With my sample, I chose to try out the original flavor and rosemary sage. I wanted to try out the original flavor to see how it would hold up as a breakfast grain, creating a dish on the sweeter side. I figured I’d try the rosemary sage as a side dish to one of my many meals throughout the week. It’d be nice to break out of the rice and couscous routine!
For my breakfast dish, I used this recipe for freekeh cereal bowls. I used some variations in ingredients for my cereal, however. I used honey almond milk, almonds, and added a cinnamon stick to the mix. I also went easy on the dried fruit as I don’t usually like a ton in my cereals. I prefer to up the spices instead =).
When I poured the freekeh for the recipe, I was slightly surprised by the smell. It smelled a lot more “grainy” than I expected. It reminded me of the way chicken feed smells (Random fact: I owned chickens as a child). It didn’t put me off from trying the product, just caught me off guard.
The recipe called for the cereal to be prepared much like one would prepare stove top oatmeal. The aroma from it cooking was enticing. That was definitely a good sign although it probably helped that I doused it in cinnamon.
Once it was done I could not wait to dig in!
Having tried a similar recipe with kasha (which did not turn out well), I was a bit scared I’d be disappointed despite how amazing it smelled. I was pleasantly surprised. The texture did remind me much of barley just like I read it would. I closely related the taste of the dish to that of quinoa. I love quinoa breakfast cereals so this gave freekeh a win in my book. With adding my own mix-ins, the grain was easy to flavor to my preferences. I also found the cereal very filling and I made it to lunch without feeling like I needed to have a snack in between. I can tell this grain will be pretty versatile as a breakfast base. I’ll definitely be digging into freekeh whenever I’m tired of steel cut oats or quinoa for breakfast.
Since the plain freekeh was such a successful, I looked forward to trying out the second flavor. For the rosemary sage flavor, I decided to prepare it with my homemade Moroccan chicken recipe. Unfortunately, I didn’t take photos of this dish. I get pretty busy in the evenings with preparing dinner for everyone and it slipped my mind to photograph while cooking and prior to eating. I guess I could blame pregnancy brain =).
I prepared the freekeh the way I prepare rice on the stove. I added chicken broth rather than water to give it a bit more flavor. Once completed, I excitedly put it on my plate. The texture was just like what I mentioned earlier. It was incredibly light and fluffy as well, something I didn’t quite notice with the breakfast cereal since not all the liquid was absorbed in that dish. The notes of rosemary sage made it quite delightful to eat and it wasn’t overpowering.

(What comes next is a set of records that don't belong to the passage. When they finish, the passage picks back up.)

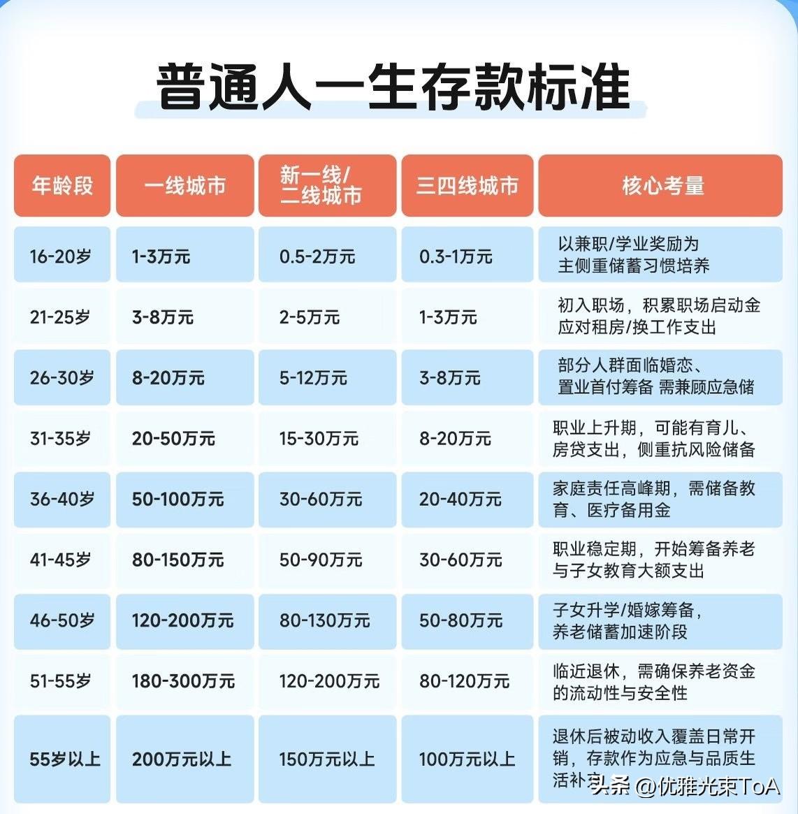 普通人一生该存多少钱?不同城市标准出炉,看看你达标了没☞☞☞ 家人们,有没有算过这辈子得攒多少钱才够花?不同城市、不同年龄,标准差得还真不少 16-20岁:还在上学的年纪,一线城市存1-3万,三四线0.3-1万就行,主要是养成存钱习惯,兼职和压岁钱别乱花; 21-25岁:刚上班没多久,一线城市得备3-8万,租房、换工作都要花钱,新一线/二线2-5万,三四线1-3万,手里有粮心里不慌; 26-30岁:开始琢磨婚恋、买房首付了,一线城市8-20万,新一线5-12万,三四线3-8万,应急的钱也得留够; 31-35岁:上有老下有小,抗风险最重要!一线20-50万,新一线15-30万,三四线8-20万,应对育儿、房贷才不慌; 40岁后:养老和子女教育得提前筹谋,一线46-50岁要存120-200万,55岁后至少200万以上,新一线和三四线稍低,但也得奔着100万+去。 其实啊,这只是参考,毕竟每个人生活节奏不同。重点是量力而行,慢慢攒,日子总会越来越稳。你现在的存款,够得上哪个阶段?评论区聊聊~ 存款标准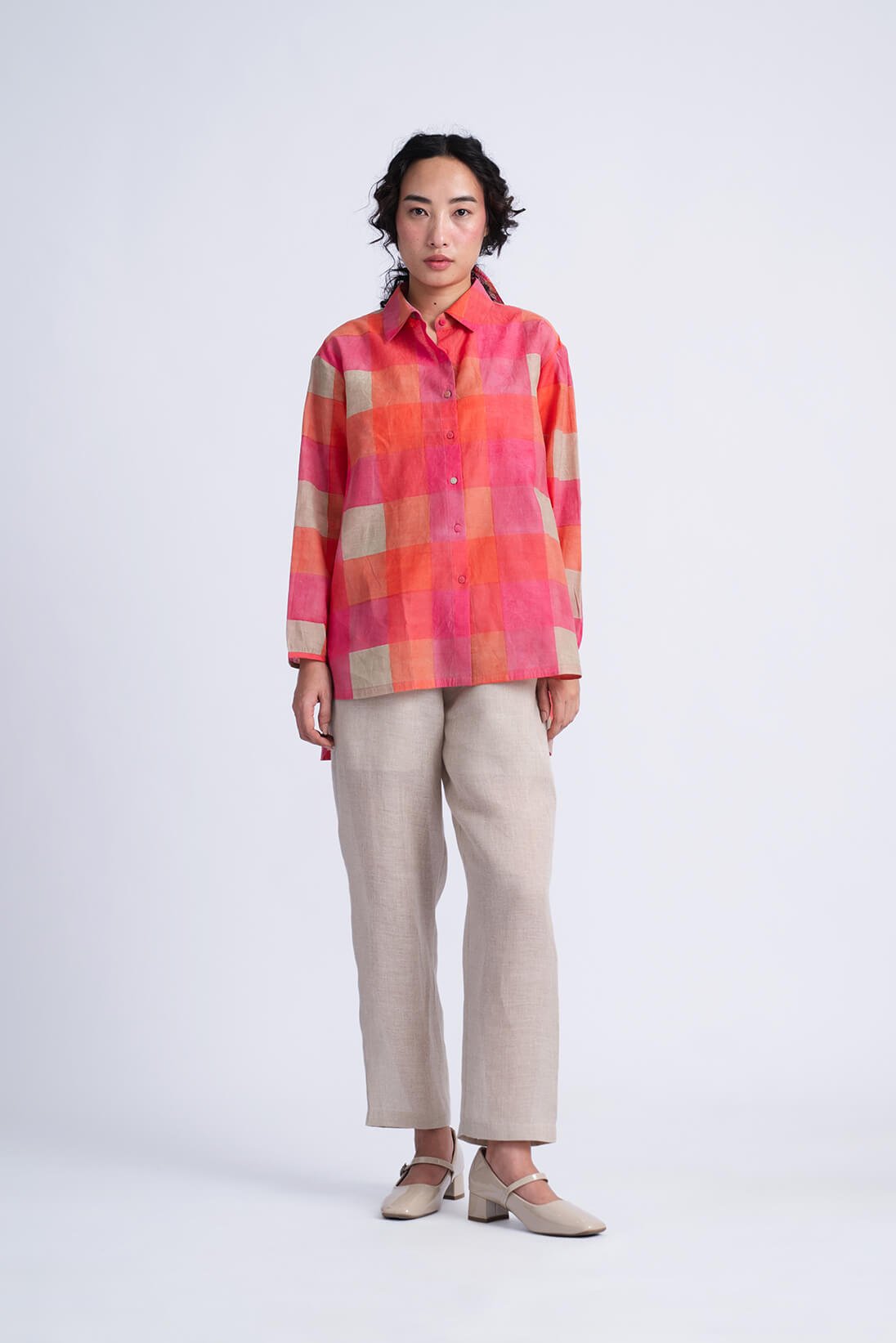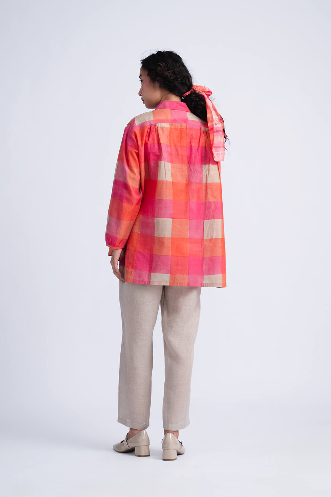 Careman Sun Shirt is block printed in hues of pink and tangerine with a touch of ecru it chanels our love for checkered patterns and adds warmth to a spring summer wardrobe.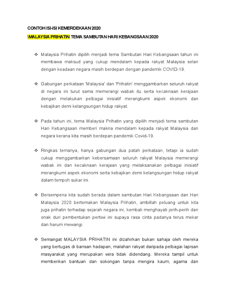 Sebelum ini sambutan Hari Kebangsaan Malaysia 2020 logo berbentuk hati dengan warna Jalur Gemilang telah direka bersama tema yang dipilih iaitu Malaysia Prihatin. ERTI SEBUAH KEMERDEKAAN DALAM REALITI DAN CABARAN MASAKINI. By Dr Jeniri Amir.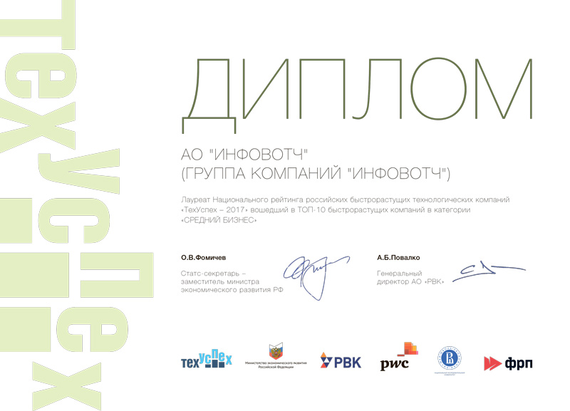 Группа компаний (ГК) InfoWatch стала победителем шестого ежегодного национального рейтинга российских высокотехнологичных быстроразвивающиеся компаний «ТехУспех-2017» и вошла в топ-5 компаний в категории «Средний бизнес», топ-10 инновационных компаний в категории «Средний бизнес» и топ-10 компаний, обладающих высоким экспортным потенциалом в категории «Средний бизнес».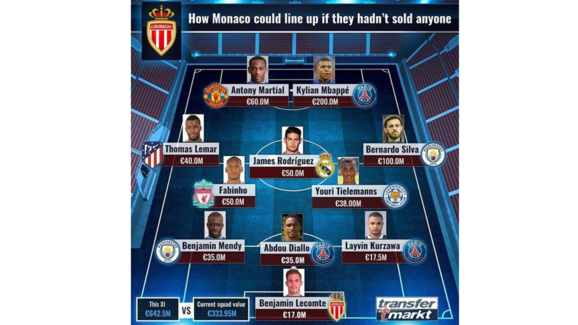 法甲的摩纳哥俱乐部是比肩阿贾克斯和葡萄牙体育的世界级“造星工厂”,在过去5年间这里走出了包括姆巴佩在内的一干超新星。德国著名足球媒体《转会市场》就整理了一套现役从摩纳哥走出的最强十一人阵容,让我看看都有谁。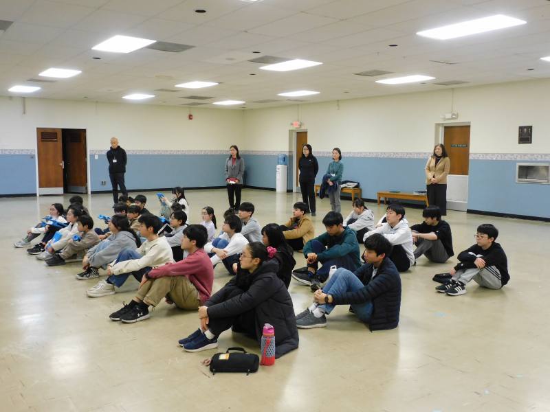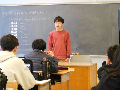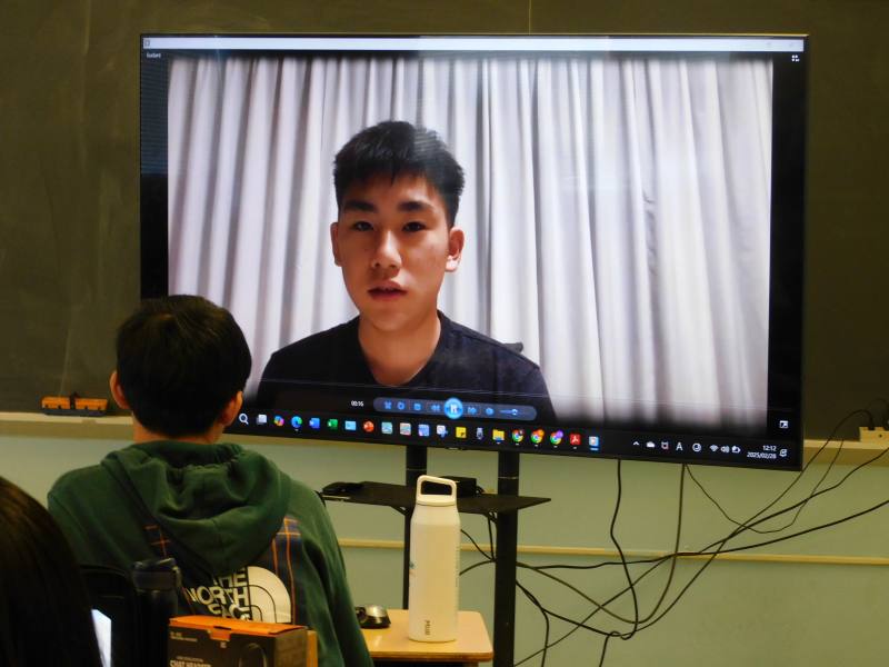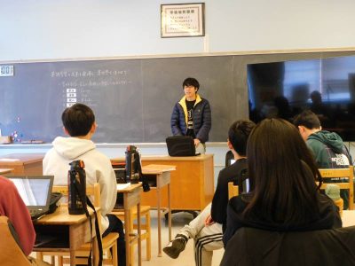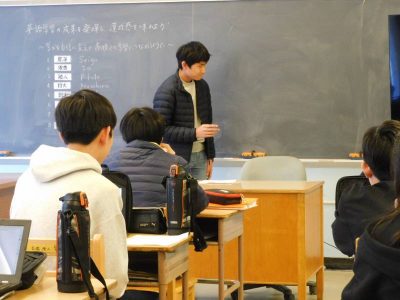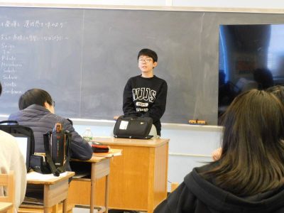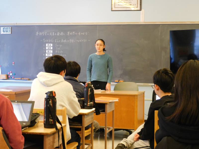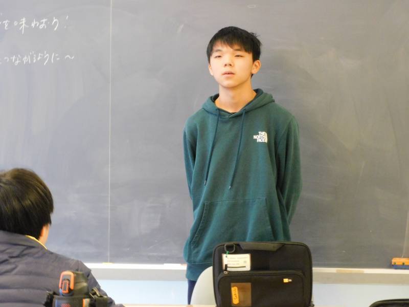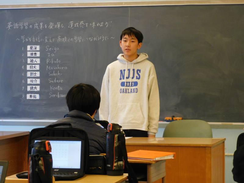 4時間目9年生は、英語です。今日は今年度最後の授業ということで、レシテーションコンテストを行いました。受験生という忙しい中、複数の中から選んだ話を一人一人発表しました。ジェスチャーを交えたり、オーディエンスを意識した発表が続きました。中には受験関係でまだ国内にいるため、録画での参加という生徒もいました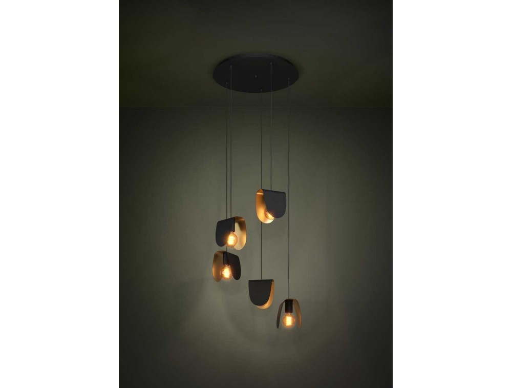 Lampadario moderno ideale per una camera da letto o un soggiorno, struttura in acciaio nero ed oro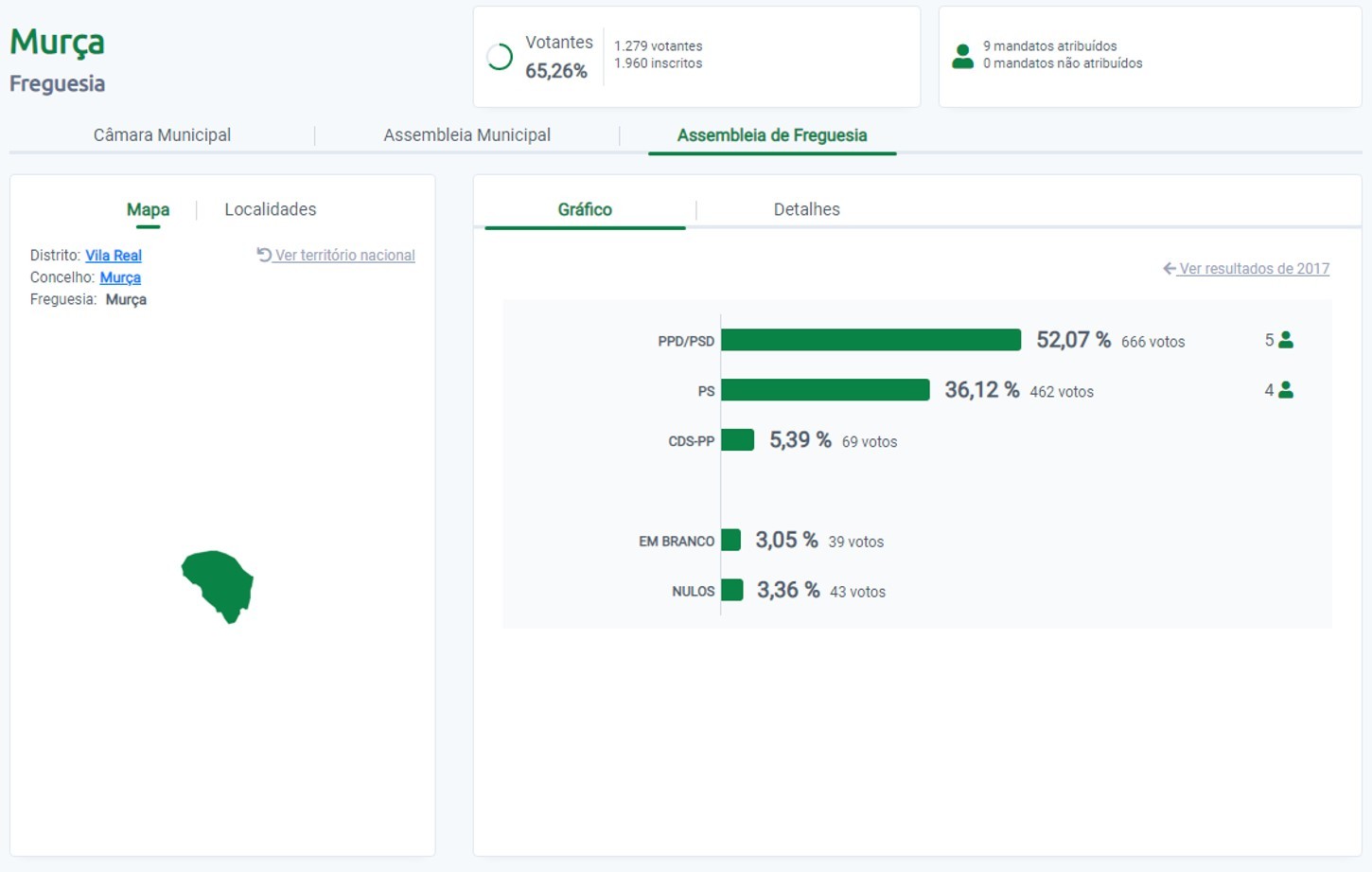 Resultados das Eleições Autárquicas 2021 - Assembleia de Freguesia de Murça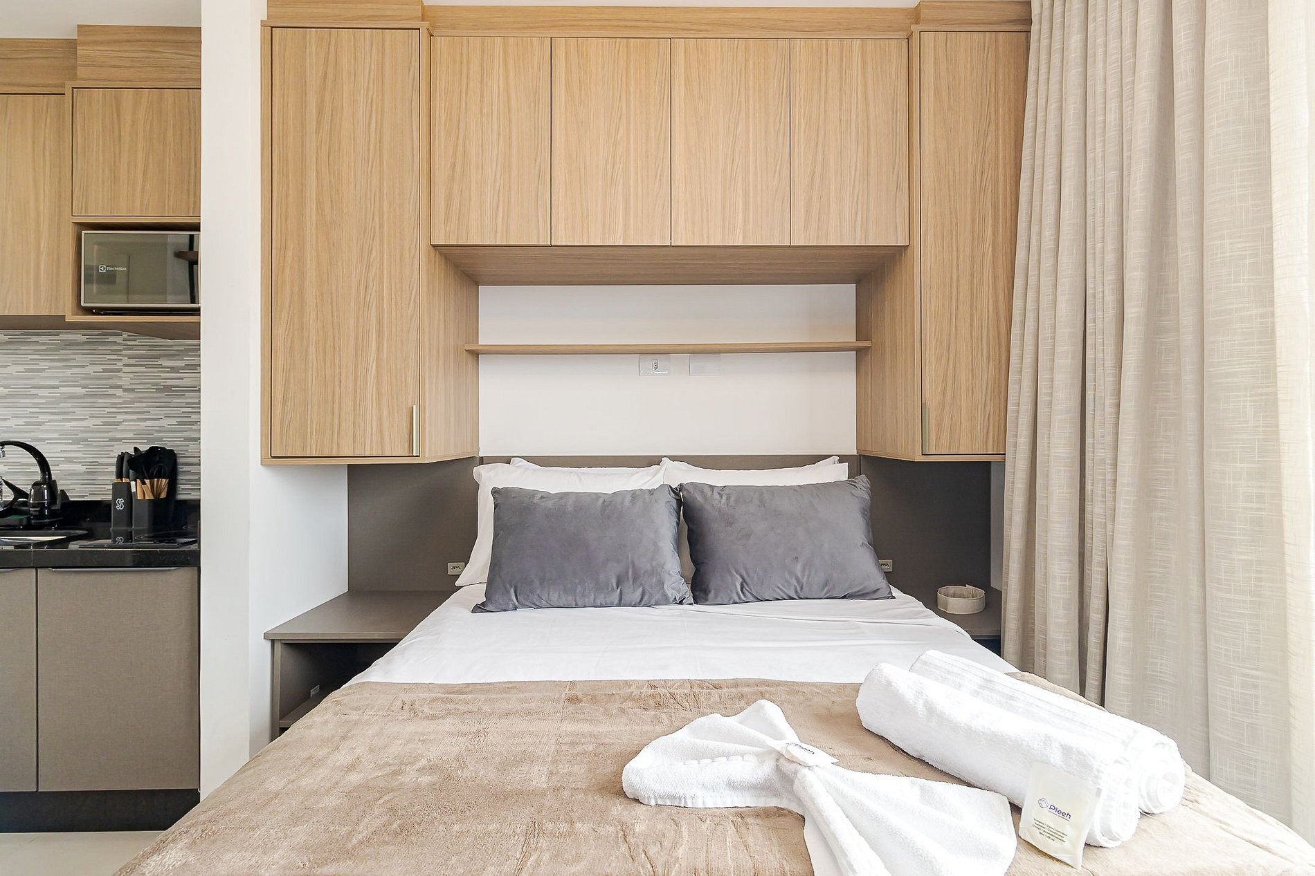 • Ambiente integrado: cama de casal, mesa para 2 pessoas que pode ser usada para refeições ou trabalho, TV Smart, ar-condicionado split, armários aéreos e cortina privativa.
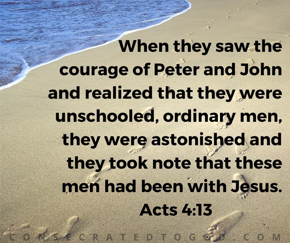 When they saw the courage of Peter and John and realized that they were unschooled, ordinary men, they were astonished and they took note that these men had been with Jesus.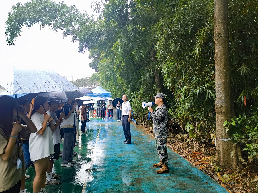 徐超作动员讲话。他指出,军训是新生的一门必修课程,从国防法的理论要求以及目前国家安全的现实形势出发,新生军训是大学生涯中必不可少的一环。徐超希望2023级新生们能在军训中发扬“直面困难,勇于亮剑的挑战精神;不抛弃、不放弃的坚韧精神;见红旗就扛,见荣誉就争的进取精神”三大精神,提出了“军训期间,我们要流血流汗不流泪,掉皮掉肉不掉队”的要求。教官陈永康副营长向新生们详细介绍了军训期间的各项要求。他希望同学们在为期14天的军训里,能始终坚守职责、服从命令并听从指挥,能够收获丰富的学习成果。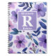 Cuaderno Monograma personalizado de flores púrpura pintadas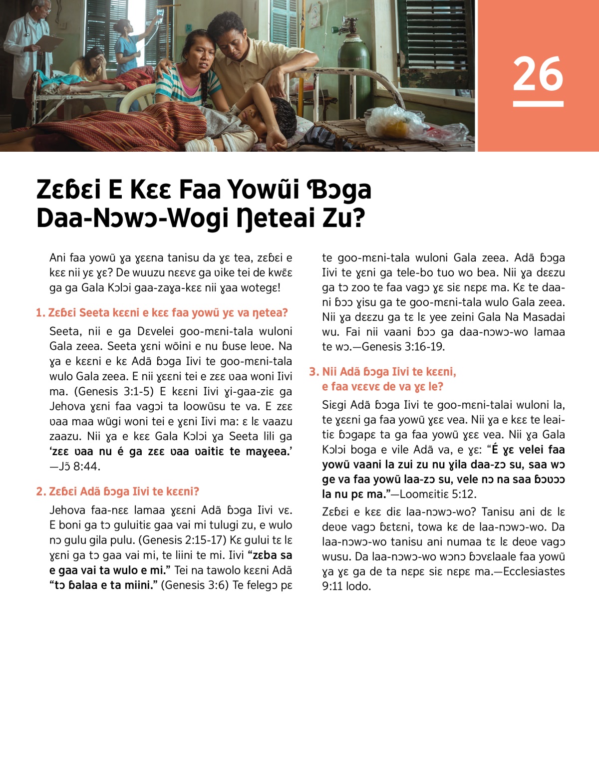 Jehova faa-nɛɛ lamaa ɣɛɛni Adã ɓɔga Iivi vɛ. E boni ga tɔ guluitiɛ gaa vai mi tulugi zu, e wulo nɔ gulu gila pulu. (Genesis 2:15-17) Kɛ gului tɛ lɛ ɣɛni ga tɔ gaa vai mi, te liini te mi. Iivi “zɛba sa e gaa vai ta wulo e mi.” Tei na tawolo kɛɛni Adã “tɔ ɓalaa e ta miini.” (Genesis 3:6) Te felegɔ pɛ te goo-mɛni-tala wuloni Gala zeea. Adã ɓɔga Iivi te ɣɛni ga tele-bo tuo wo bea. Nii ɣa dɛɛzu ga tɔ zoo te faa vagɔ ɣɛ siɛ nɛpɛ ma. Kɛ te daani ɓɔɔ ɣisu ga te goo-mɛni-tala wulo Gala zeea. Nii ɣa dɛɛzu ga tɛ lɛ yee zeini Gala Na Masadai wu. Fai nii vaani ɓɔɔ ga daa-nɔwɔ-wo lamaa te wɔ.—Genesis 3:16-19.

I could easily visualize how I would incorporate flavored freekeh into future dinner dishes. It is nice to add a new option to my side dish rotation. I kind of wish I had chosen the tamari flavor since shoyu is used in it. I love cooking Asian inspired dishes and this sounds perfect for incorporating into some of my staple dishes. I’ll definitely be buying it in the future to try out.
My final verdict for freekeh? It’s a win in my book. I love it’s versatility and texture. Cook time is a little long when it comes to breakfast, but so is any grain that’s cooked stove top. I may need to look up if I’m able to microwave it for quick fixes. I did really enjoy the taste and texture of this product so I’ll definitely be incorporating it into my future meals as an option. I’m also excited to out some of the recipes on the Freekeh Foods site as well (Jambalaya freekeh anyone?).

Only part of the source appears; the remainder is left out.